| Task prompt |
From the first line of the listing, copy each line exactly until you have included the line with "西安國際醫(yī)學(xué"; leave out the pictures.

| Data below |

★ ★ ★ ★

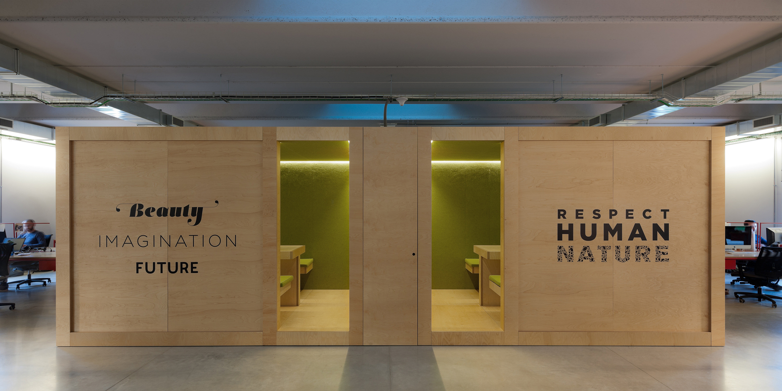 Interior spaces are characterized by light partitions and custom-made modules that allow flexible and differentiated workstations:
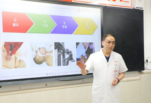 西安國際醫(yī)學(xué)中心醫(yī)院麻醉手術(shù)中心副主任王彬榮以“基礎(chǔ)生命支持”為主題,給老師們?cè)敿?xì)介紹了現(xiàn)場急救、復(fù)蘇的定義和基本流程,并進(jìn)行現(xiàn)場演示。
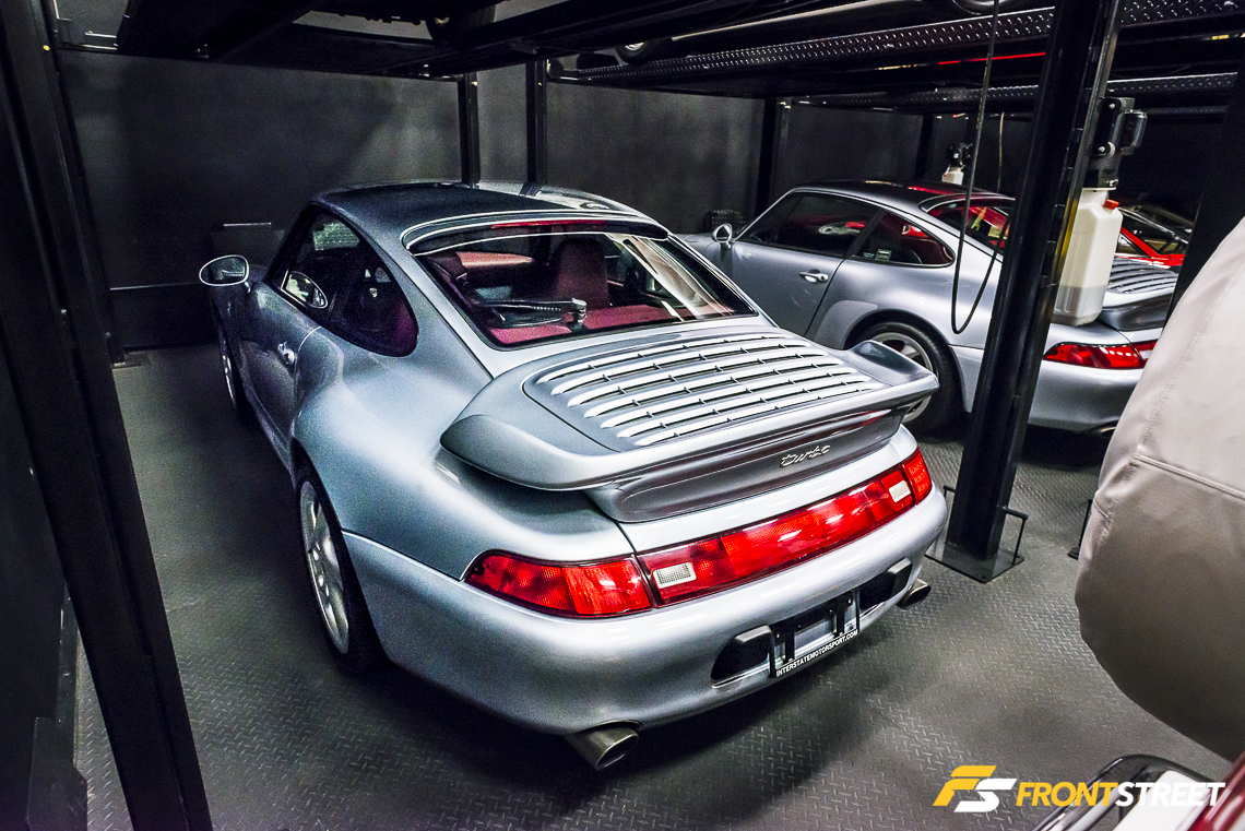 A pair of identical hand-built Porsche 993 Turbo machines reside in the shadows underneath another row of cars. With an ever-rising price tag, as the last of the air-cooled 911 models, these 400 horsepower twin-turbocharged rockets are more of an investment than negotiable stock.

★ ★ ★ ★

| Exercise output |
 Interior spaces are characterized by light partitions and custom-made modules that allow flexible and differentiated workstations:
 西安國際醫(yī)學(xué)中心醫(yī)院麻醉手術(shù)中心副主任王彬榮以“基礎(chǔ)生命支持”為主題,給老師們?cè)敿?xì)介紹了現(xiàn)場急救、復(fù)蘇的定義和基本流程,并進(jìn)行現(xiàn)場演示。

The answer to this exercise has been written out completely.